YOUR ASSIGNMENT: Using the listing below, copy exactly each line from the one that has "Light, strappy leather" through the one that has "Panci Set 13"; omit the pictures.

RECORDS PROVIDED:
━━━━━━━━━━
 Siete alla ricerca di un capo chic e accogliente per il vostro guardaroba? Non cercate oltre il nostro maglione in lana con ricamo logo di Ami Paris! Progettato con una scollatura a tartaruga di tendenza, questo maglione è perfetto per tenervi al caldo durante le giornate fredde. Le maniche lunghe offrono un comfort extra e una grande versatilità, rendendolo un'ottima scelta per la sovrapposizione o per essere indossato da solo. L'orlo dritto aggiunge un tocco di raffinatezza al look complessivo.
━━━━━━━━━━
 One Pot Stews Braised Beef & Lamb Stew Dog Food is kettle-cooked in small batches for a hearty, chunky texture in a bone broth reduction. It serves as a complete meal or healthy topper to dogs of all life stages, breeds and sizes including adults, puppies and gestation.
━━━━━━━━━━
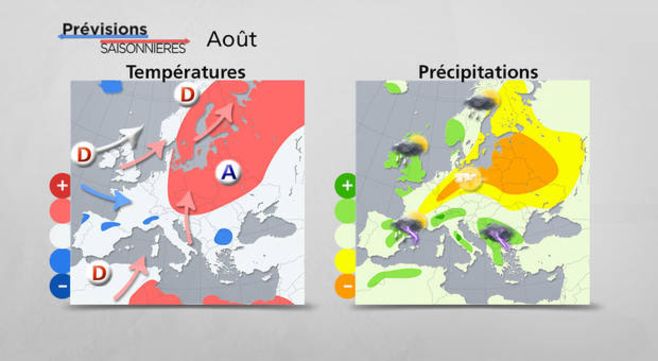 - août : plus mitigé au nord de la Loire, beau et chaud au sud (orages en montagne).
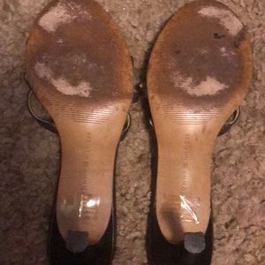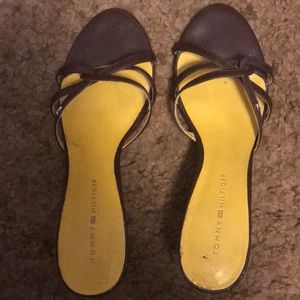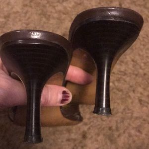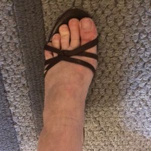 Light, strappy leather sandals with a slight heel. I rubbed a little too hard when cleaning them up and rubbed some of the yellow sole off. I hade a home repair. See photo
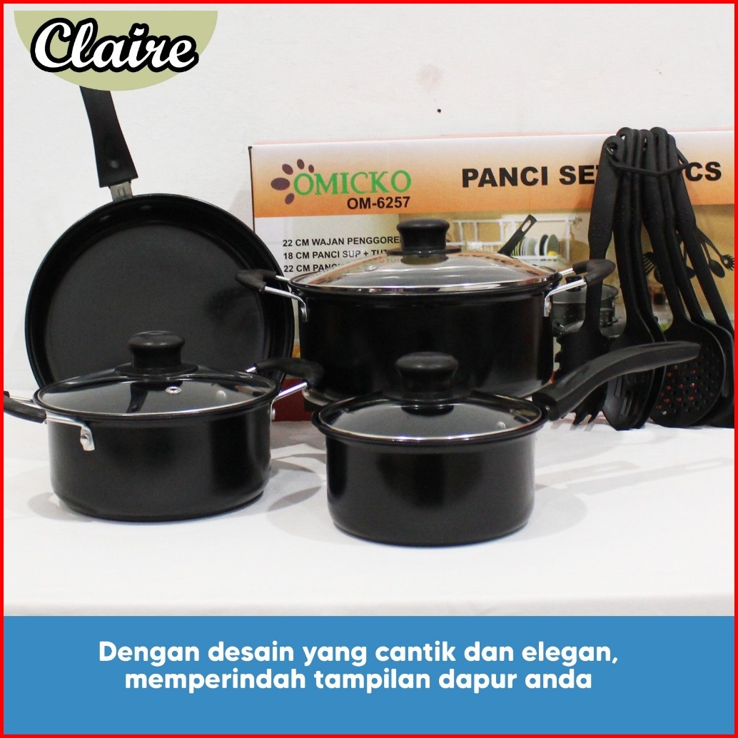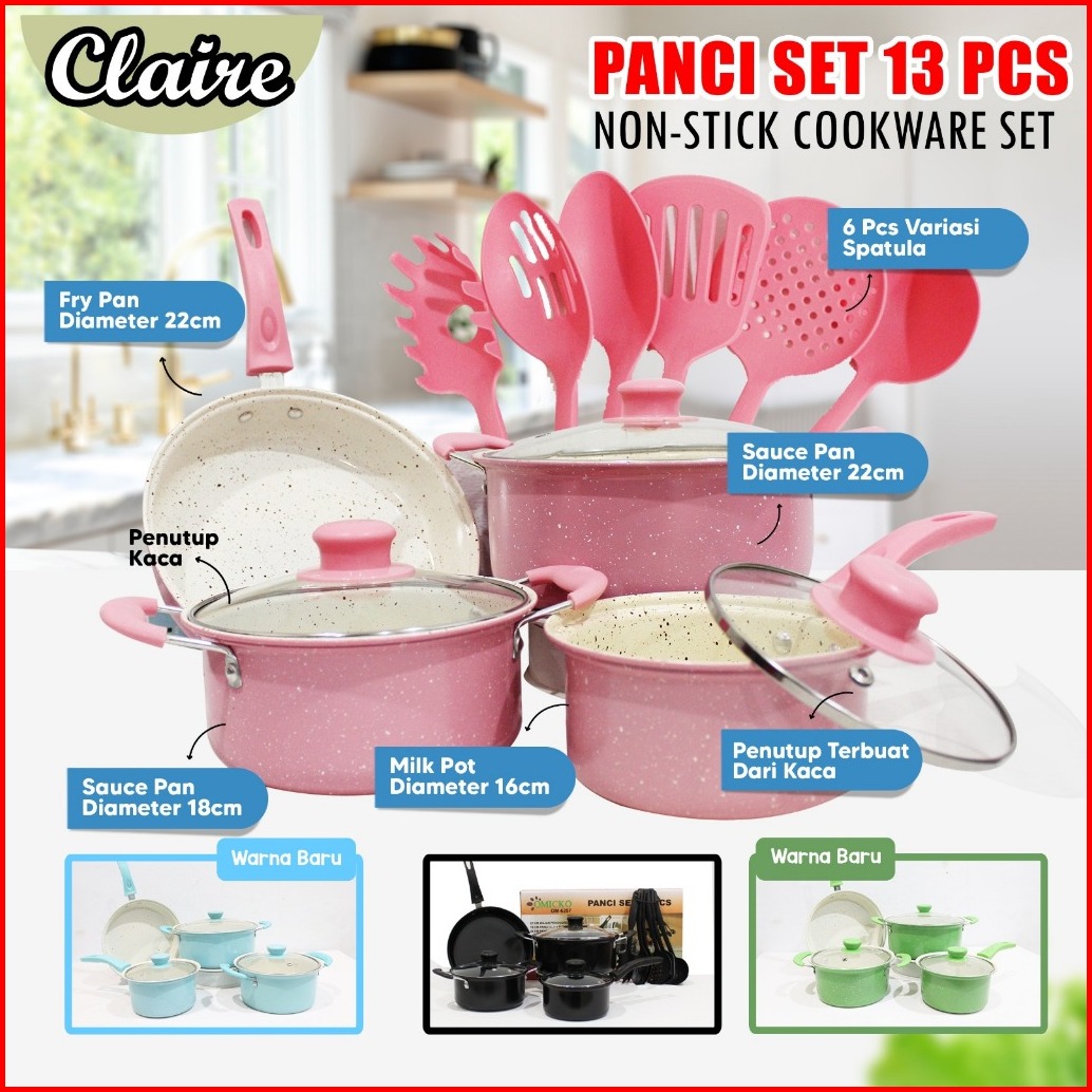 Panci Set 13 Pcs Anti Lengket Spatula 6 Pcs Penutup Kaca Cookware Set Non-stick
━━━━━━━━━━
TASK ANSWER:
 Light, strappy leather sandals with a slight heel. I rubbed a little too hard when cleaning them up and rubbed some of the yellow sole off. I hade a home repair. See photo
 Panci Set 13 Pcs Anti Lengket Spatula 6 Pcs Penutup Kaca Cookware Set Non-stick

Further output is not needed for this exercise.